* Records for this exercise:
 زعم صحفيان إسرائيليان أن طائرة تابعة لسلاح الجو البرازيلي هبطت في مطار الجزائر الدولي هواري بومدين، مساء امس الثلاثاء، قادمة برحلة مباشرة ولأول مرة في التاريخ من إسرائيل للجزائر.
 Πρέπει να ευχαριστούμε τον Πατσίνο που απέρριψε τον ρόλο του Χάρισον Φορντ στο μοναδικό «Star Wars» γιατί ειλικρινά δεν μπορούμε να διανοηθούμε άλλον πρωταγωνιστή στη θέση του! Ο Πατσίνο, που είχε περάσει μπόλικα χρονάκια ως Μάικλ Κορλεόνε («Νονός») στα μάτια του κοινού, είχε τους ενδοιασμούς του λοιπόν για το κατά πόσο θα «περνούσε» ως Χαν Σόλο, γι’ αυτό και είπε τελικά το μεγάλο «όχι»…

--

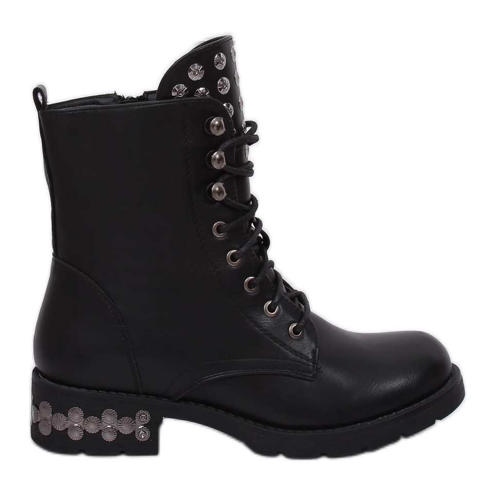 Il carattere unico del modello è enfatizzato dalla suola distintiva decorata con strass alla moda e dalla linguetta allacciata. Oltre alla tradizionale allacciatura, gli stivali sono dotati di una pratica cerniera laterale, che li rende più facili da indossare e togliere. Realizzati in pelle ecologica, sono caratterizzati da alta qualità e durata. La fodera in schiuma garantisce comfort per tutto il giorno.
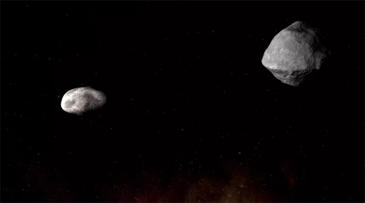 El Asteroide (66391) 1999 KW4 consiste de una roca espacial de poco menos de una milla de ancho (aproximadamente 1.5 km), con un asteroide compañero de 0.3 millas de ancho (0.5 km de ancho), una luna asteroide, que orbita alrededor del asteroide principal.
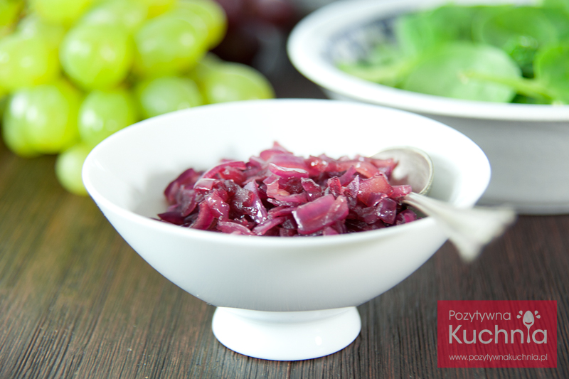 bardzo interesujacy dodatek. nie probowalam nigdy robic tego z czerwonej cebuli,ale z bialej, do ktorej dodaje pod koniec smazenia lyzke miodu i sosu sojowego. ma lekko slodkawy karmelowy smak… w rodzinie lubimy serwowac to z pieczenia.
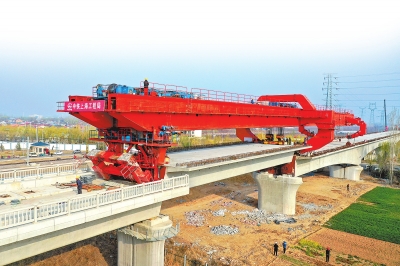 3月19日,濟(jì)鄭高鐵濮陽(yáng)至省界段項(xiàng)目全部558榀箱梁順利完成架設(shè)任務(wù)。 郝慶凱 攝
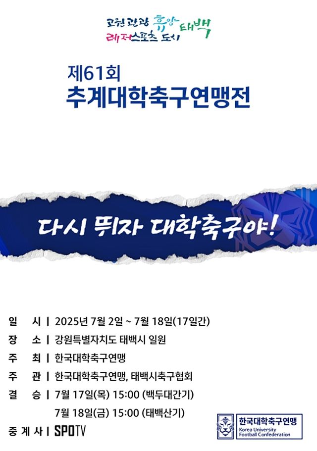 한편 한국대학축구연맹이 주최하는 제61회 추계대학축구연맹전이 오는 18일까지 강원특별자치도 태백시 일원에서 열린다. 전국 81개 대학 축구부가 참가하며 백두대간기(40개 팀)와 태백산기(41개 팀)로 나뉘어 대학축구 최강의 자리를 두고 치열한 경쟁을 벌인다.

* * *

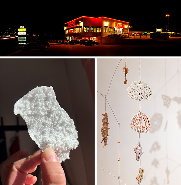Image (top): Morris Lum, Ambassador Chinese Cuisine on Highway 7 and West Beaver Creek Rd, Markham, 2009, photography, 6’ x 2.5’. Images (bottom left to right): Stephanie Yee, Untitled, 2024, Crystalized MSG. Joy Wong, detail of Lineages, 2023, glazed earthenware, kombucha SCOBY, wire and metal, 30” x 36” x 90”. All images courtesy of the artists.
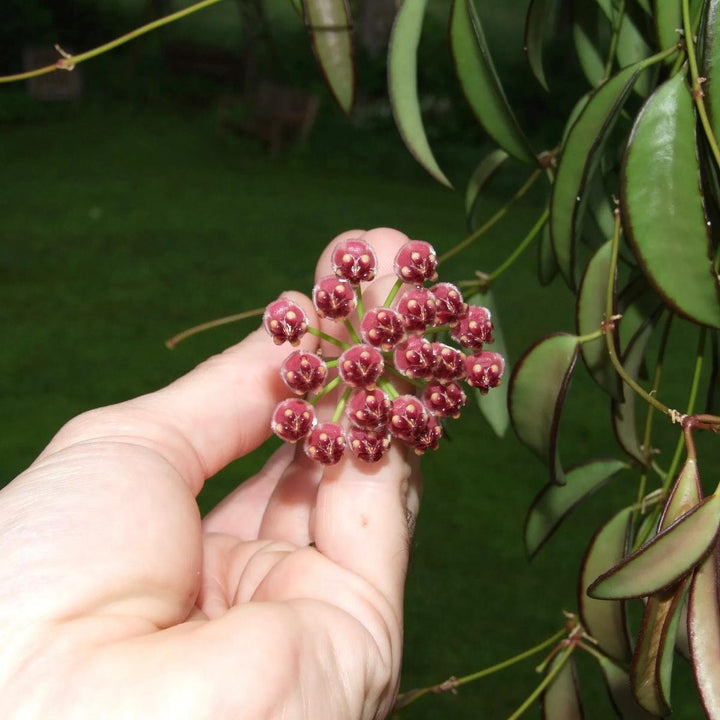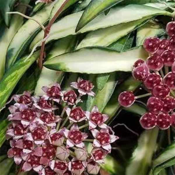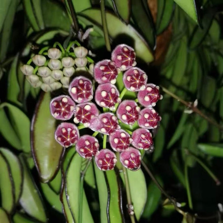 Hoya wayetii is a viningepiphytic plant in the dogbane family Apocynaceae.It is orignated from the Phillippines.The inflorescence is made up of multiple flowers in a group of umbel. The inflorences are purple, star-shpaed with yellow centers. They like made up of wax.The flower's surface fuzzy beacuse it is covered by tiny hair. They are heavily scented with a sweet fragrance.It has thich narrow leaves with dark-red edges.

* Task directions: What's needed is an exact copy of the lines above from the one with "bardzo interesujacy dodatek." through the one with "한편 한국대학축구연맹이 주최하는", both included; the pictures stay out.

* Answer for the task:
 bardzo interesujacy dodatek. nie probowalam nigdy robic tego z czerwonej cebuli,ale z bialej, do ktorej dodaje pod koniec smazenia lyzke miodu i sosu sojowego. ma lekko slodkawy karmelowy smak… w rodzinie lubimy serwowac to z pieczenia.
 3月19日,濟(jì)鄭高鐵濮陽(yáng)至省界段項(xiàng)目全部558榀箱梁順利完成架設(shè)任務(wù)。 郝慶凱 攝
 한편 한국대학축구연맹이 주최하는 제61회 추계대학축구연맹전이 오는 18일까지 강원특별자치도 태백시 일원에서 열린다. 전국 81개 대학 축구부가 참가하며 백두대간기(40개 팀)와 태백산기(41개 팀)로 나뉘어 대학축구 최강의 자리를 두고 치열한 경쟁을 벌인다.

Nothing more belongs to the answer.